The trial judge found also that the verdict was contrary to the evidence and against the law. While this finding is embodied in the judgment, it can hardly be asserted with any show of reason that the judgment was contrary to the evidence; for, if the court found as a fact indeed that the verdict was contrary to the evidence, he would have granted defendants’ motion for judgment non obstante. We take it, therefore, that the trial judge based his order solely on the ground that, in his judgment, the testimony of the plaintiff was insufficient to sustain the verdict. The judgment, in *56form at least, says that the verdict was contrary to the law, and defendants contend that the following instruction:

“You are further instructed that if you find from the evidence that the note in suit was signed some days before the contract was signed and that the note was made and delivered for the purpose of securing an extension of time from the irrigation company on the first payment, which was, under the memorandum agreement, to be paid before the final contract should be prepared, and that by reason of the delivery of said note, the desired extension was secured and that the defendant Hillis signed the note and authorized its delivery prior to any promise to make the contract satisfactory, and solely upon the promise contained in the memorandum agreement to prepare the contract in duplicate upon' the irrigation company’s regular printed form embodying the terms of sale, together with its regular water agreement, then the said note was not secured or delivered without consideration, if it were delivered, and would under those circumstances be a valid obligation

is erroneous, and is in itself sufficient to sustain the order granting a new trial. To sustain defendants’ contention, we would have to say with them that there was no evidence in the case on which to base such an instruction. As indicated above, we are unable to say this, for the testimony is not altogether one way, but, upon the very point covered by the instruction, is conflicting and uncertain.

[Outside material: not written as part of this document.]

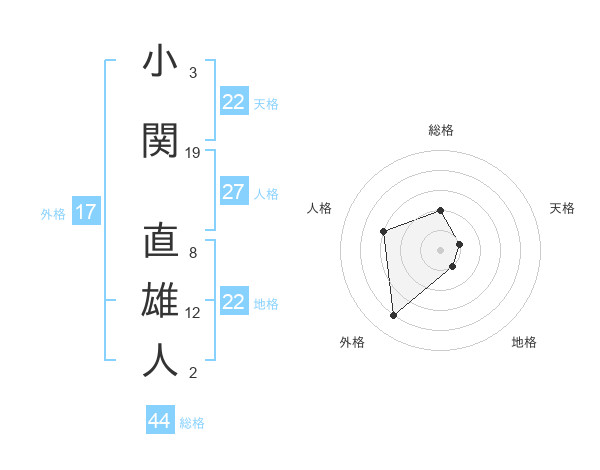小関 直雄人さんを姓名の画数から五運を鑑定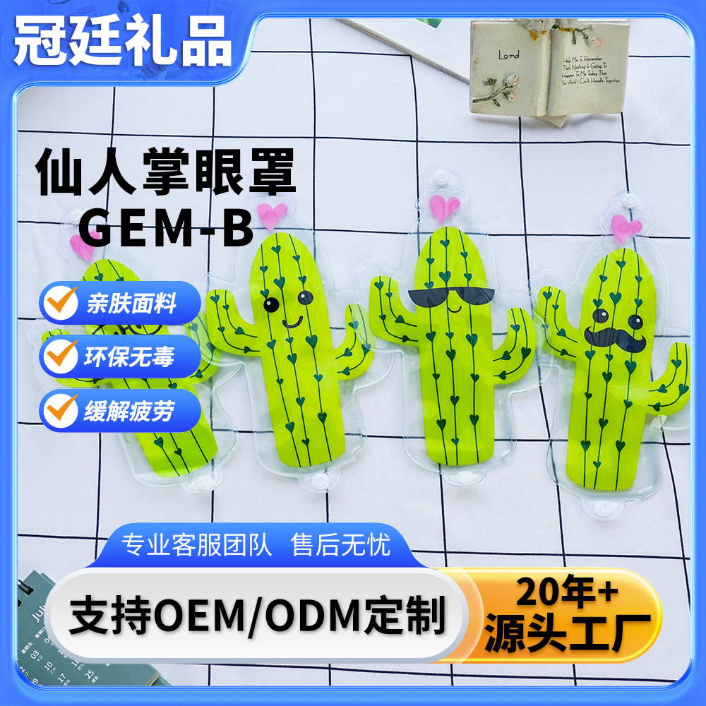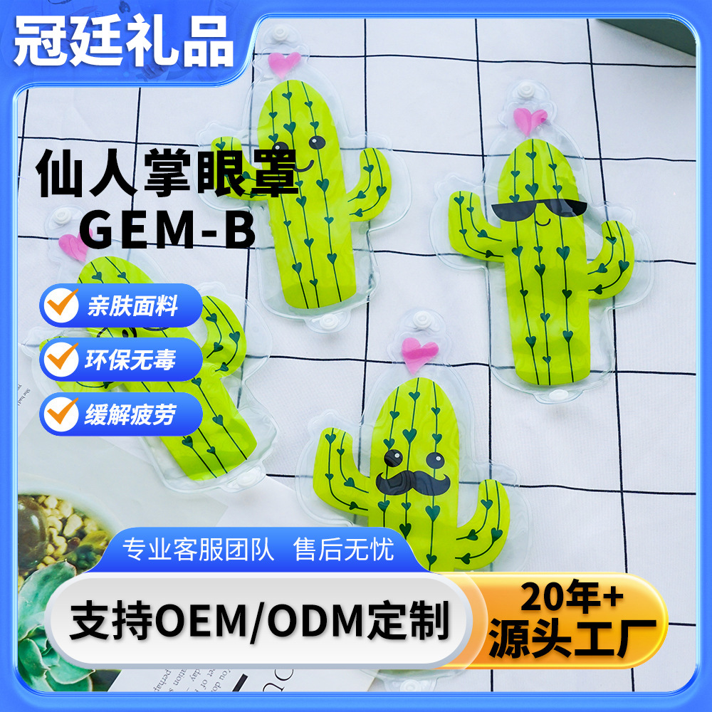 可爱仙人掌卡通冰敷眼罩,配备橡皮筋

Nor is the suggestion available that it is immaterial whether the note was given before or after the contract was signed (defendant W. A. Hillis is himself uncertain), or whether the note was signed conditionally, for the reason that the purchase price was entire and the tract of lands to be conveyed was entire, and that there could be no consideration for the note other than or different from the consideration for the payment of the balance for the entire tract. The memorandum contract, which fixed the time and terms of payment, made the first payment due February 1, and we believe the law to be — at any rate, it is the legal effect of our former decision —that an extension of the time from February 1 to March 1 *57is a sufficient consideration to support the promise. The evidence being conflicting, and it being held by one judge and one jury that its weight is with the plaintiff, and another judge and a jury having held that weight to be with the defendants, there must be evidence to sustain a verdict one way or the other, and there being no error of law to compel a new trial, we are of opinion that it was an abuse of discretion on the part of the trial judge to set aside a verdict rendered upon a second trial upon the ground of insufficiency of the evidence.

The judgment of the lower court is reversed, with directions to enter judgment upon the verdict of the jury.

Crow, Gose, and Parker, JJ., concur.